DIRECTIONS FOR THIS TASK
Your answer should hold exactly the lines below from the line with "近づいてみるとどうもこれはア" through the line with "UNHCR Burkina Faso", both included, and no pictures at all.

PROVIDED DATA
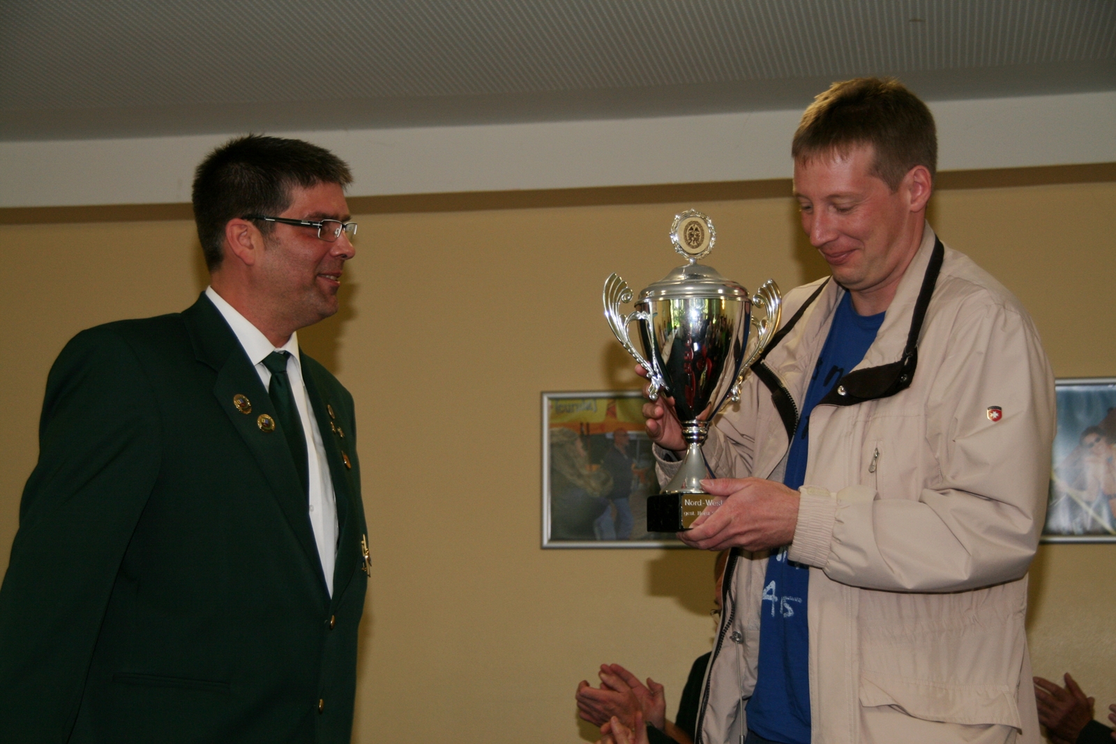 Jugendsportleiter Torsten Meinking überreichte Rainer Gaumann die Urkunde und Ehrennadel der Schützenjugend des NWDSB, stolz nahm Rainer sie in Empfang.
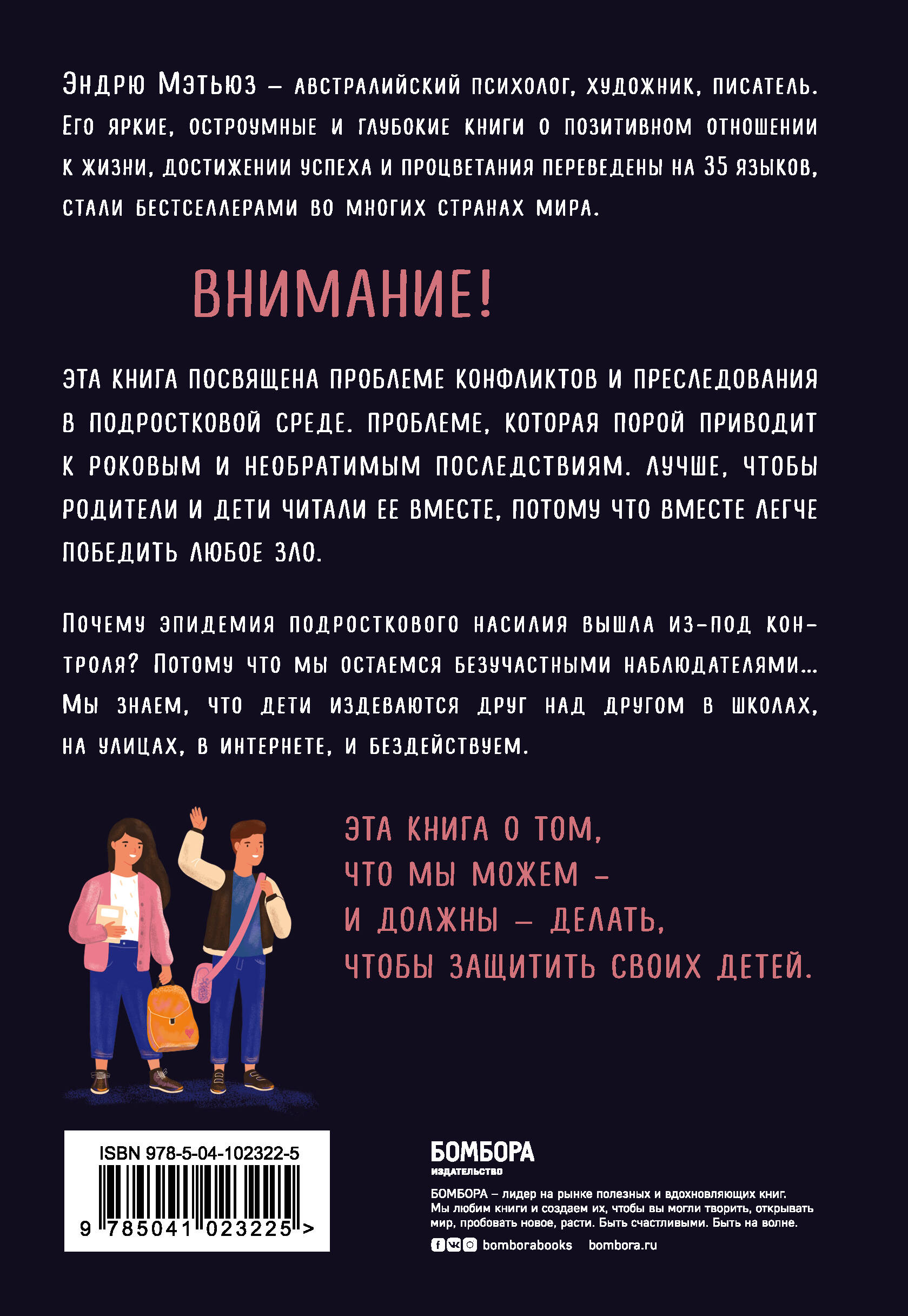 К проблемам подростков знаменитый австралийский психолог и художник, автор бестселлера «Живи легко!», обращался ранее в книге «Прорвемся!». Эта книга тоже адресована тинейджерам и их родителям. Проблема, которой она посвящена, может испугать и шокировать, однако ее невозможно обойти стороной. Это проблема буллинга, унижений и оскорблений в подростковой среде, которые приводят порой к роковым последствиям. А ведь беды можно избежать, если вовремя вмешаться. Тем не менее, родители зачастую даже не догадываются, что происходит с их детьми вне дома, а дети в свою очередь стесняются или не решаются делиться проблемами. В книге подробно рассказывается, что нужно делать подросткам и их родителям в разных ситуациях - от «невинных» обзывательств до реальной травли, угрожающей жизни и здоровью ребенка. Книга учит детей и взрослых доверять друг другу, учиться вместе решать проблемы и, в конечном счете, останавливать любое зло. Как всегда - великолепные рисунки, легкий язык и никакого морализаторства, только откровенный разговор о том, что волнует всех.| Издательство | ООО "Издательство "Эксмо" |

==

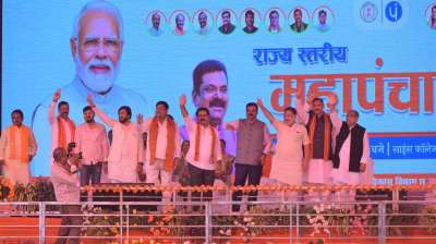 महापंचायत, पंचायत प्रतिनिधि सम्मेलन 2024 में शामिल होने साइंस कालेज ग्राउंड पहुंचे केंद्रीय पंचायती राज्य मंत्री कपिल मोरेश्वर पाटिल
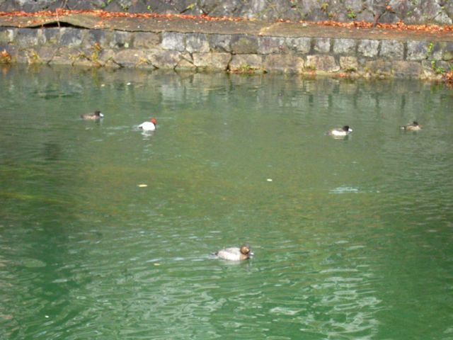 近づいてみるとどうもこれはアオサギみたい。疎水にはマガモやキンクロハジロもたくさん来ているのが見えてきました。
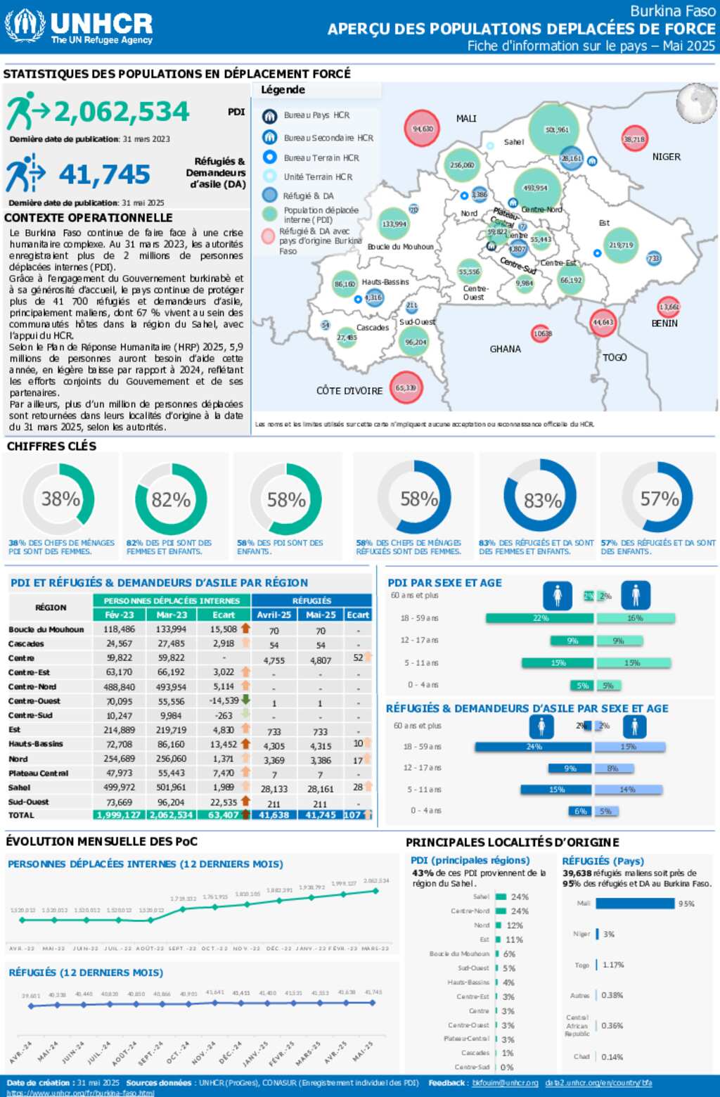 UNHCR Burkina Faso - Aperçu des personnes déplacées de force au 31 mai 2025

WORKED SOLUTION
 近づいてみるとどうもこれはアオサギみたい。疎水にはマガモやキンクロハジロもたくさん来ているのが見えてきました。
 UNHCR Burkina Faso - Aperçu des personnes déplacées de force au 31 mai 2025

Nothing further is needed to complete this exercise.